– Ты напрасно жалеешь, что не вспомнил раньше, – сказал Генрих. – Мать может и не знать, где находится сестра твоего деда и ее свекра.
– Что ж, может и так, – согласился Можер. – Как бы там ни было, государь, я отправляюсь в поход на обитель Христовых невест!
– Но каким образом собираешься ты вызволить девчонку? Ведь настоятельница не отдаст ее, даже несмотря на то, что ты ее внучатый племянник!

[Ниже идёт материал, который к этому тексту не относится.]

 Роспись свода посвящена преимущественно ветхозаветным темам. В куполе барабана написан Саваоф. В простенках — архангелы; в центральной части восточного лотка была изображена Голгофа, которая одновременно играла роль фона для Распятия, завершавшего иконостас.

– Честно говоря, я еще и сам не решил, как буду действовать. Попробую договориться со старушкой, а если не получится, придется брать штурмом эти сады Гесперид! Верите ли, государь, мне в жизни не приходилось штурмовать только монастырей. Думаю, это не сложнее, чем развалить дом парижского епископа, до которого я когда-нибудь доберусь.
– Можер, прошу тебя, действуй миром! Не хватало еще, чтобы ты настроил против короля женский монастырь.

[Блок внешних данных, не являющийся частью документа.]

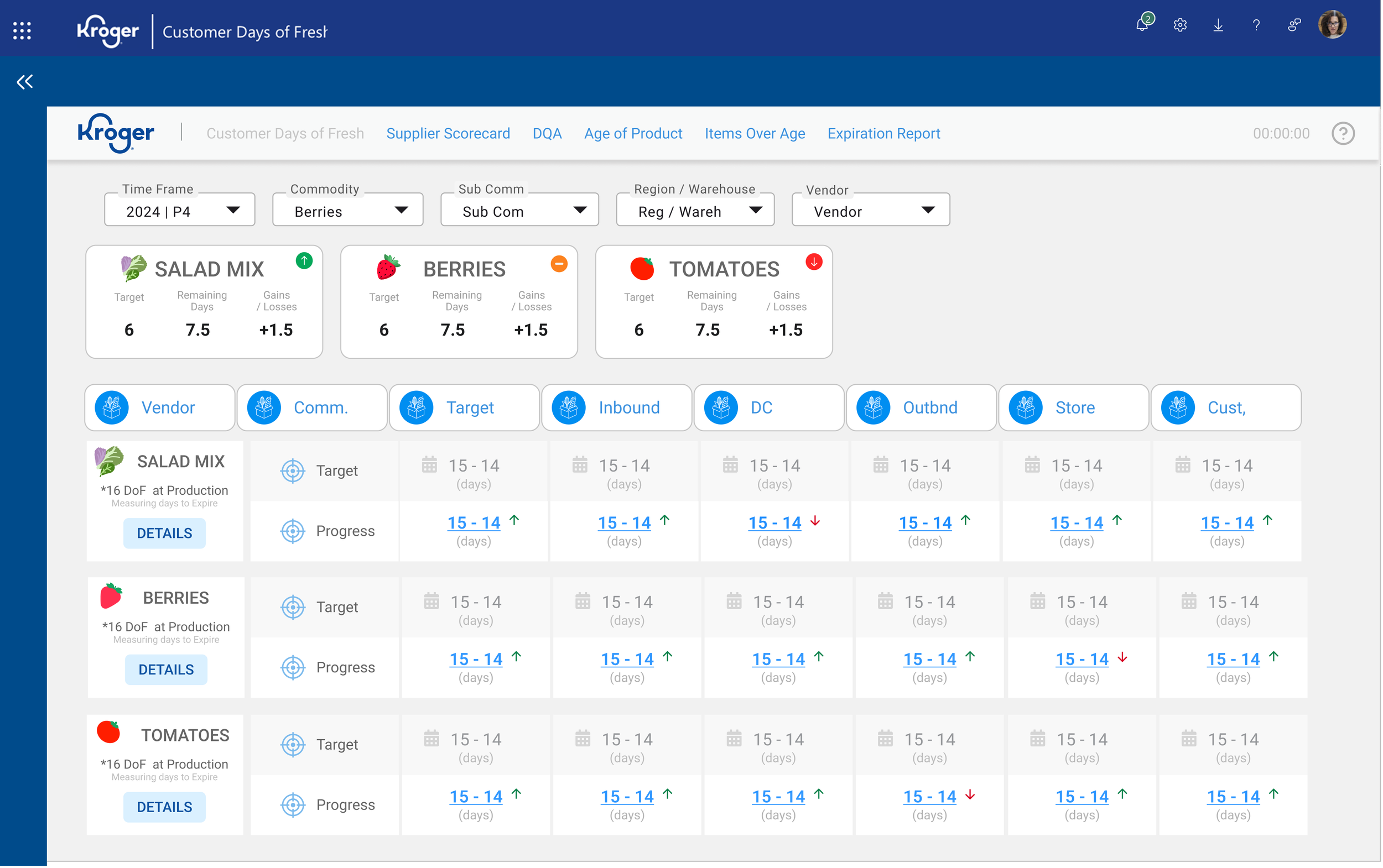 Users needed a way to track the produce lifecycle to better understand where the company was having a challenge to maintain freshness. This data tracker would display the day the customer picked the produce to all the way to when it gets to the store and estimate to customer.

– Не беспокойтесь, государь, я последую вашему совету. Но пусть только попробует моя славная родственница вывести меня из терпения…
– Можер, держи себя в руках. Ты окончательно поссоришь меня с церковью…
– Это в том случае, если бабка затаит на вас зло. Но она не посмеет: я буду тих, как овечка. Я уведу мадам Кадлин в далекие воспоминания ее бурных лет и моего детства; растрогавшись, она пустит слезу и станет мягче воска. Именно в такие моменты из женщин следует лепить то, что тебе хочется. Прием безотказный, я пользовался им не раз.
Король рассмеялся.
– Что ж, коли так, – сказал, – позволь благословить тебя, сын мой. Как миропомазанник, я имею на это право даже без иконы и распятия.
– Будь осторожен с овечками из стада Христова, – напутствовал Генрих. – Помни, что говорил Плиний: «Всего лишь горстка женщин равносильна по злобе и жестокости всей армии Юлия Цезаря».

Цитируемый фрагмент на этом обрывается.